The AI rater is a starting point, not a substitute for a second human. For published research you should still run kappa between two trained human raters on the same calibration set. Treat the AI labels as a way to surface boundaries that need rubric work, not as a replacement for human judgment.

## How to cite

Archived release on Zenodo: https://doi.org/10.5281/zenodo.20807432

APA:

> Maurya, M. (2026). *ConfusionMapper: A Python Tool for AI-Assisted Distractor Classification and Inter-Rater Reliability Computation in Cognitive Error Taxonomy Research* (Version 1.0.0) [Software]. Zenodo. https://doi.org/10.5281/zenodo.20807432

BibTeX:

```bibtex
@software{maurya2026confusionmapper,
  author    = {Maurya, Manik},
  title     = {ConfusionMapper: A Python Tool for AI-Assisted Distractor Classification
               and Inter-Rater Reliability Computation in Cognitive Error Taxonomy Research},
  year      = {2026},
  version   = {1.0.0},
  doi       = {10.5281/zenodo.20807432},
  url       = {https://doi.org/10.5281/zenodo.20807432}
}
```

## Contributing

Bug reports, feature requests, and pull requests are welcome.
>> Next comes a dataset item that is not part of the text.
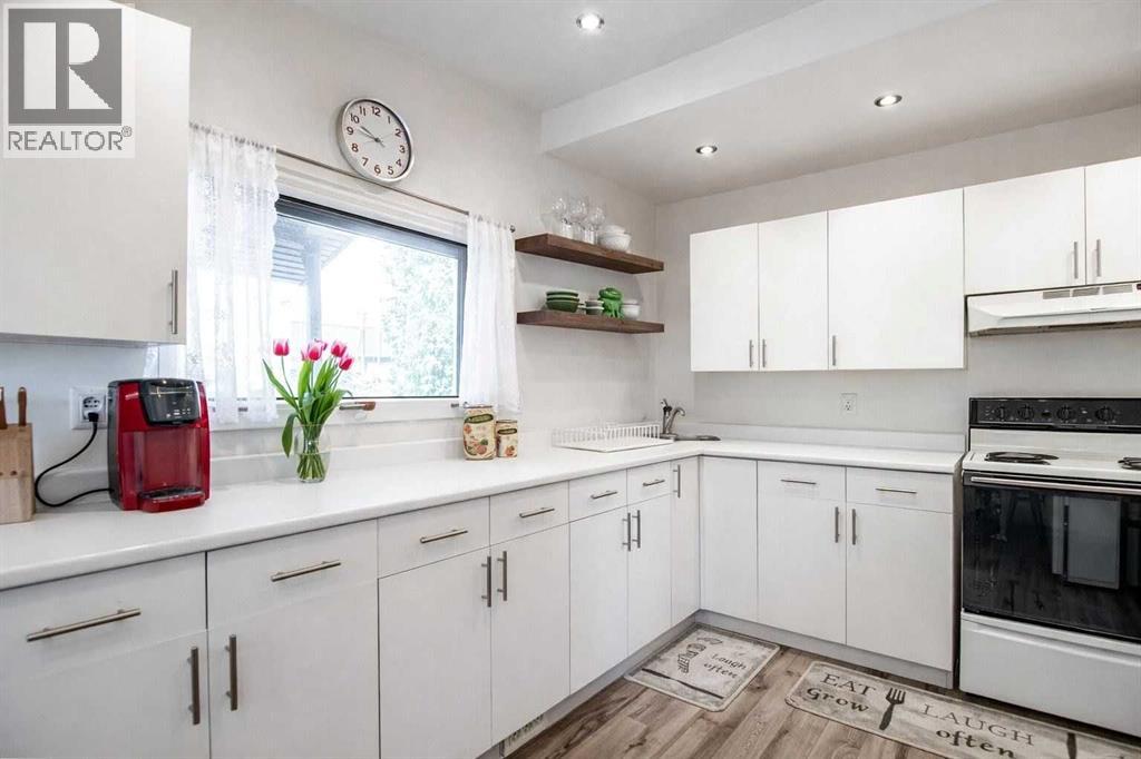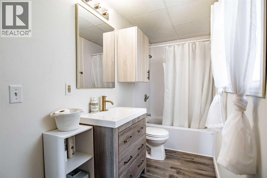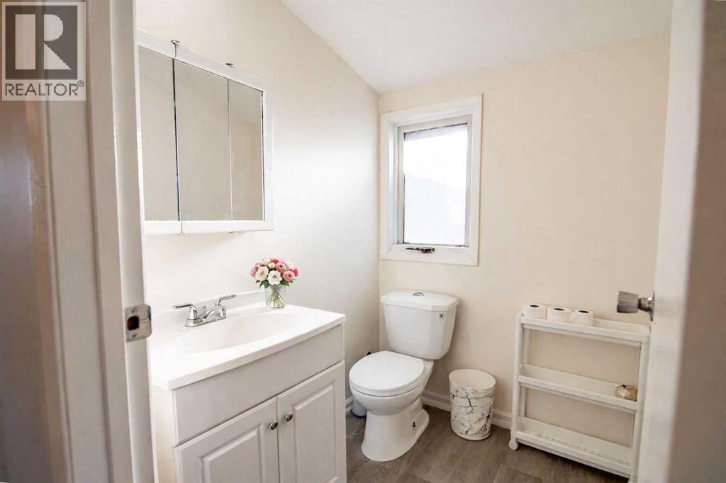 Click brochure link for more details. Move-in ready 2-bedroom, 2 bath detached 1 1/2 story character home with a large 2 CAR DETACHED GARAGE located in the heart of Ponoka! Situated on a large corner lot with mature spruce trees and a FULLY FENCED in back yard with a full row of cedar trees which will grow up to 18 ft for privacy! The main floor of the home features a spacious kitchen, combined dining and living room and 4-piece bath, while the upper level offers two spacious bedrooms, and a 2-piece bath, making it an ideal layout for families or guests. A full washer and dryer are located in the basement.This home has received substantial updates since 2021 including: new shingles, new hot water tank, new flooring, new paint throughout, new fence, two new windows, new front door, updated kitchen and bath. This home is steps to a beautiful park, schools and recreation facilities, with easy access to excellent shopping, dining and all other amenities within walking distance. (id:63190)

See [CONTRIBUTING.md](CONTRIBUTING.md) and [CODE_OF_CONDUCT.md](CODE_OF_CONDUCT.md).

## Acknowledgements

Initial development was completed as part of Stanford Code in Place 2026. The tool is used in the Confusion Fingerprint Index research programme at the Department of Cognitive Science, IIT Kanpur.

## License

MIT License © 2026 Manik Maurya. See [LICENSE](LICENSE) for details.